MTA Queensland Welcomes Rod Camm as New CEO

Rod Camm has been appointed as CEO of MTA Queensland, replacing Dr Brett Dale who has taken the CEO role at AMA Queensland (Australian Medical Association).

Mr Camm comes to the role with vast experience in organisational leadership. He has led government agencies, statutory bodies, government-owned companies, member-based organisations and has worked closely with international bodies such as the OECD and UNESCO across areas of education, training, and industry engagement including in such areas as focusing on how skills development can be better recognised across international boundaries.
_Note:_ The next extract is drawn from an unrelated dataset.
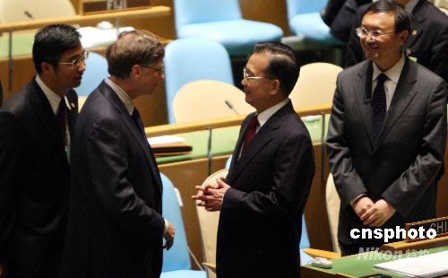 25日,中國總理溫家寶出席聯合國千年發展目標高級別會議時與前微軟總裁比爾·蓋茨進行短暫交談。中新社發 李靜 攝

Most recently he was involved with establishing of the National Skills Commission – an organisation tasked with providing intelligence to the Australian government on future education, skills and jobs, as well as driving improvements across the skills system and Vocational Education and Training (VET) sector.

Mr Camm said that bringing this broad range of experience in delivering training, business and engagement solutions and channelling it into the automotive industry was an exciting opportunity and a tremendous challenge. There are few industries, he said, that will be affected more by the speed of technological developments and face such tremendous disruption, and MTA Queensland’s role would be essential to the industry’s development.

“The opportunity to work in an industry that is genuinely and fundamentally changing is remarkable,” he said. “There is a lot of talk about technology disruption and digital disruption, but it is really happening in this industry and it is going to change all of us and everything we do.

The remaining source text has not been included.